What you should do:
Your copy of the entries must be exact, and it must not include the pictures.

Exercise material:
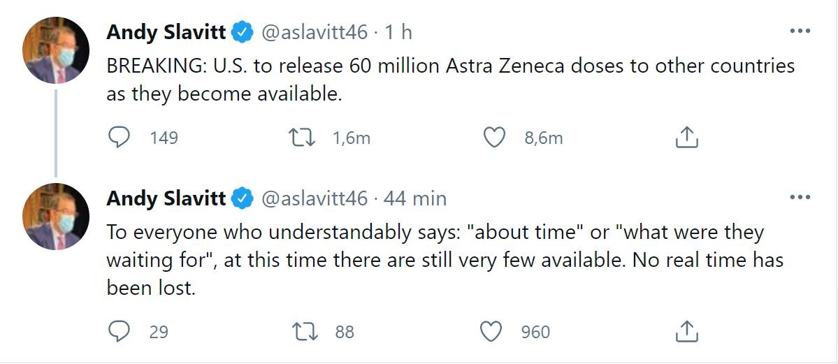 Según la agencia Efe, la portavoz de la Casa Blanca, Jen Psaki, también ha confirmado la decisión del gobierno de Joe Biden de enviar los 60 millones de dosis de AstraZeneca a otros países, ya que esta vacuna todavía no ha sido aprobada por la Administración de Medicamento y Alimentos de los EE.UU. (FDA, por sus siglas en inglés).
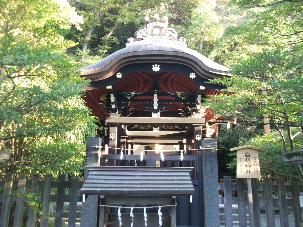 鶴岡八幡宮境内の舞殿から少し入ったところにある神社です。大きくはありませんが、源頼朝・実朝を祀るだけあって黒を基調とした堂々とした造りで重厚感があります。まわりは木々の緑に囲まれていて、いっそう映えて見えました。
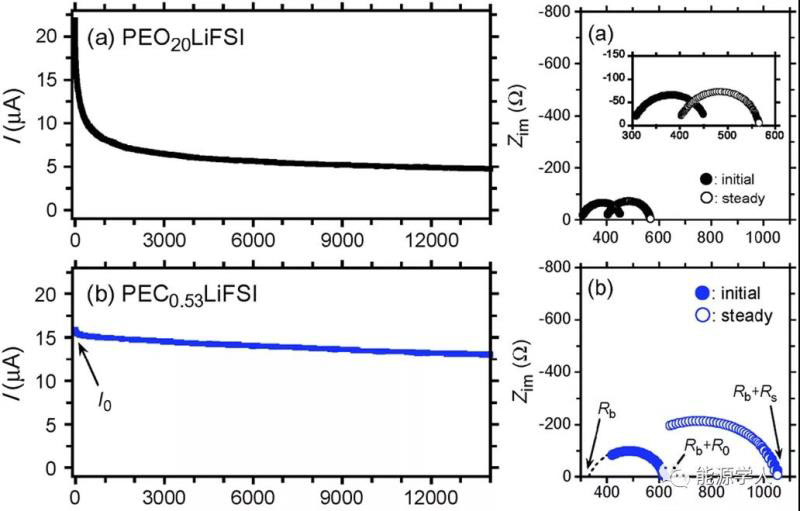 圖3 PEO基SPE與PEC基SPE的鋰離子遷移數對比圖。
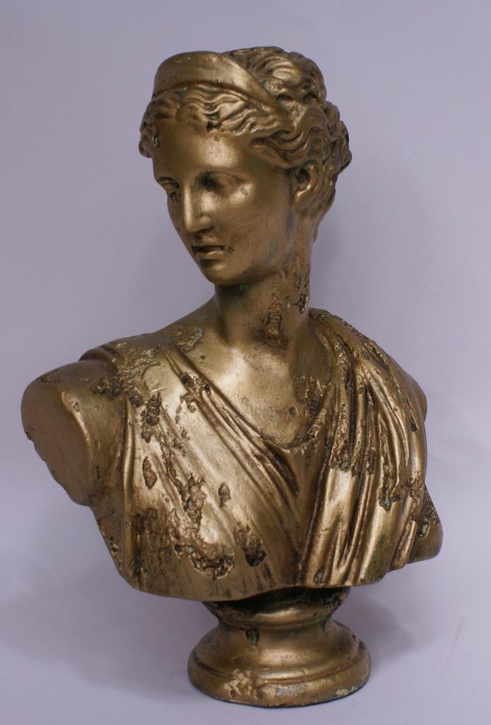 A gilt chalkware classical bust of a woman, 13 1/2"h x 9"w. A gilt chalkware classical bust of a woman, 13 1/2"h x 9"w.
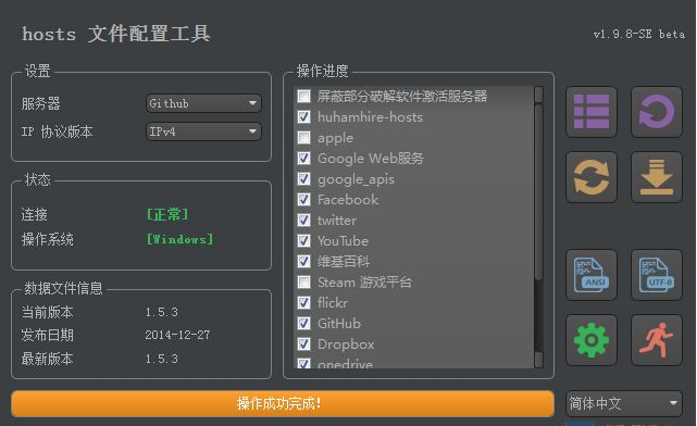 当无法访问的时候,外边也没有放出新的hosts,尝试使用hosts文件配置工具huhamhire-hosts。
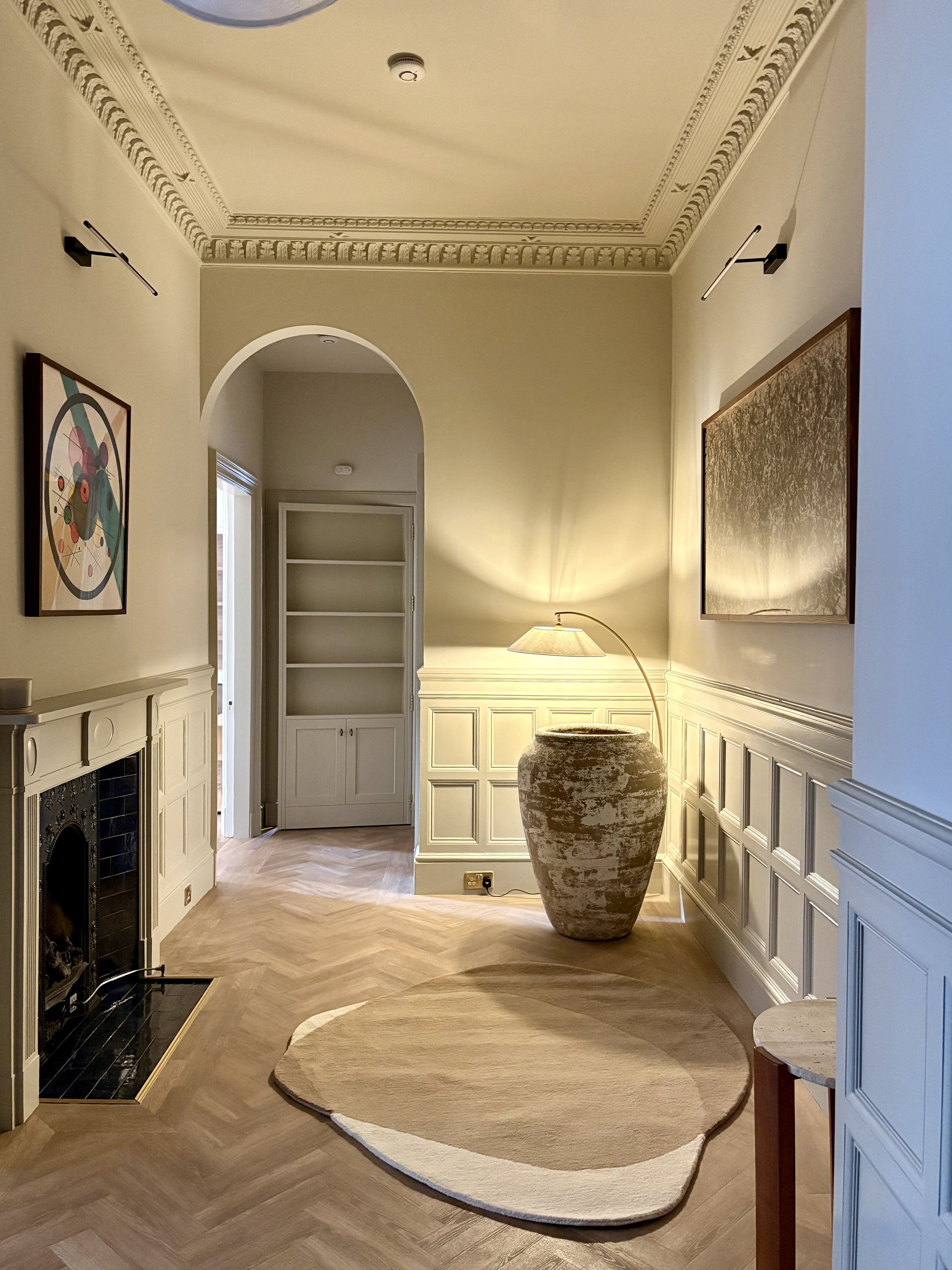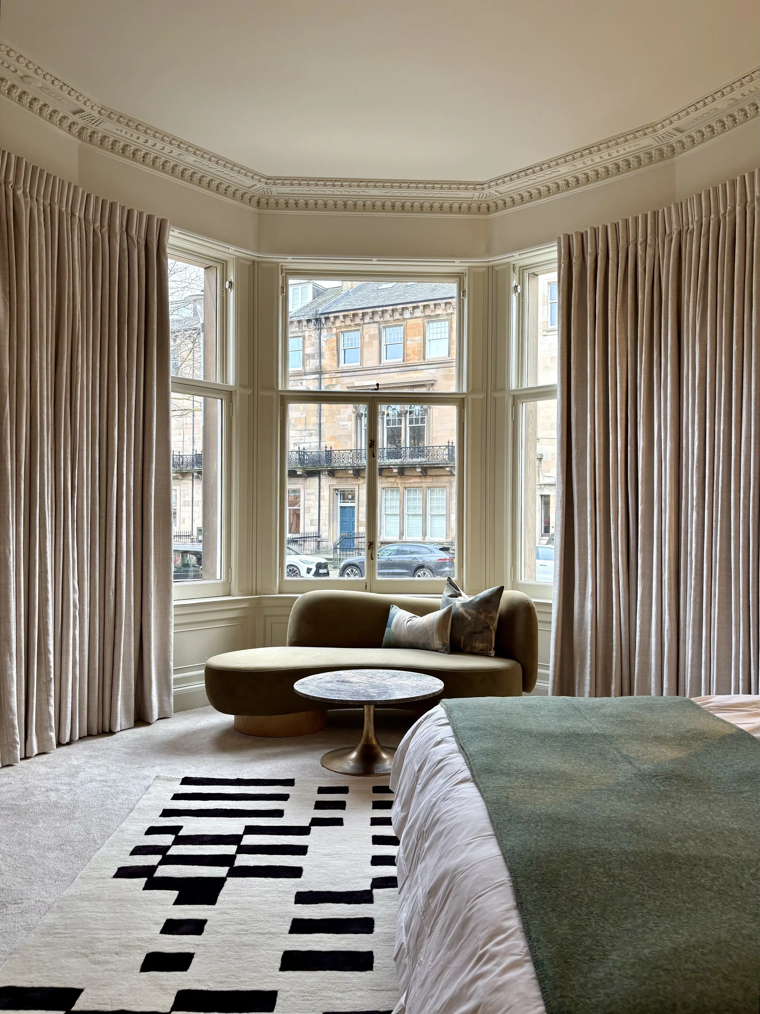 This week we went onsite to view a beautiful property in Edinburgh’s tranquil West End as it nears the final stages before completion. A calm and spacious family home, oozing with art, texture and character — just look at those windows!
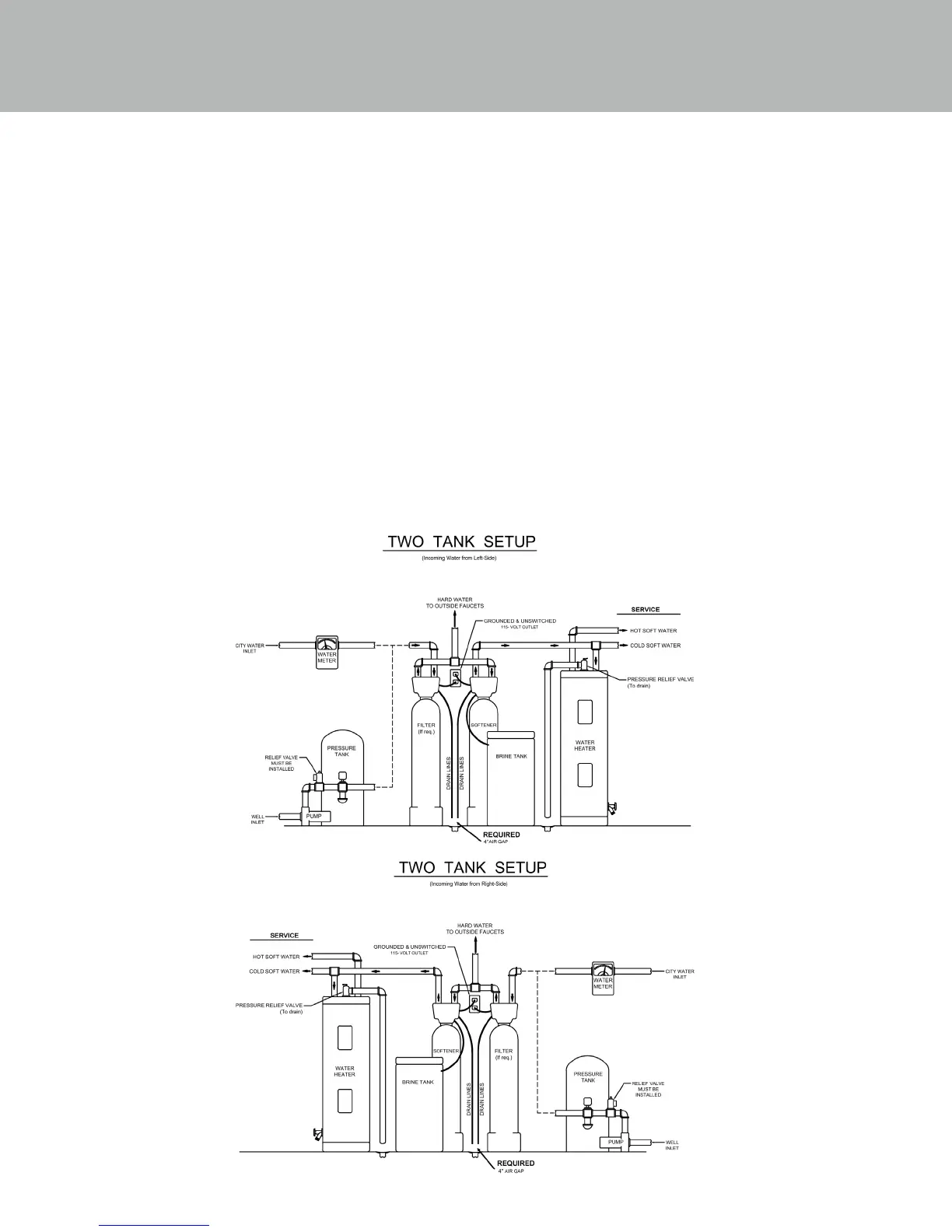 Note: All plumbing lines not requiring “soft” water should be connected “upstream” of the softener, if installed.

Worked solution:
 Según la agencia Efe, la portavoz de la Casa Blanca, Jen Psaki, también ha confirmado la decisión del gobierno de Joe Biden de enviar los 60 millones de dosis de AstraZeneca a otros países, ya que esta vacuna todavía no ha sido aprobada por la Administración de Medicamento y Alimentos de los EE.UU. (FDA, por sus siglas en inglés).
 鶴岡八幡宮境内の舞殿から少し入ったところにある神社です。大きくはありませんが、源頼朝・実朝を祀るだけあって黒を基調とした堂々とした造りで重厚感があります。まわりは木々の緑に囲まれていて、いっそう映えて見えました。
 圖3 PEO基SPE與PEC基SPE的鋰離子遷移數對比圖。
 A gilt chalkware classical bust of a woman, 13 1/2"h x 9"w. A gilt chalkware classical bust of a woman, 13 1/2"h x 9"w.
 当无法访问的时候,外边也没有放出新的hosts,尝试使用hosts文件配置工具huhamhire-hosts。
 This week we went onsite to view a beautiful property in Edinburgh’s tranquil West End as it nears the final stages before completion. A calm and spacious family home, oozing with art, texture and character — just look at those windows!
 Note: All plumbing lines not requiring “soft” water should be connected “upstream” of the softener, if installed.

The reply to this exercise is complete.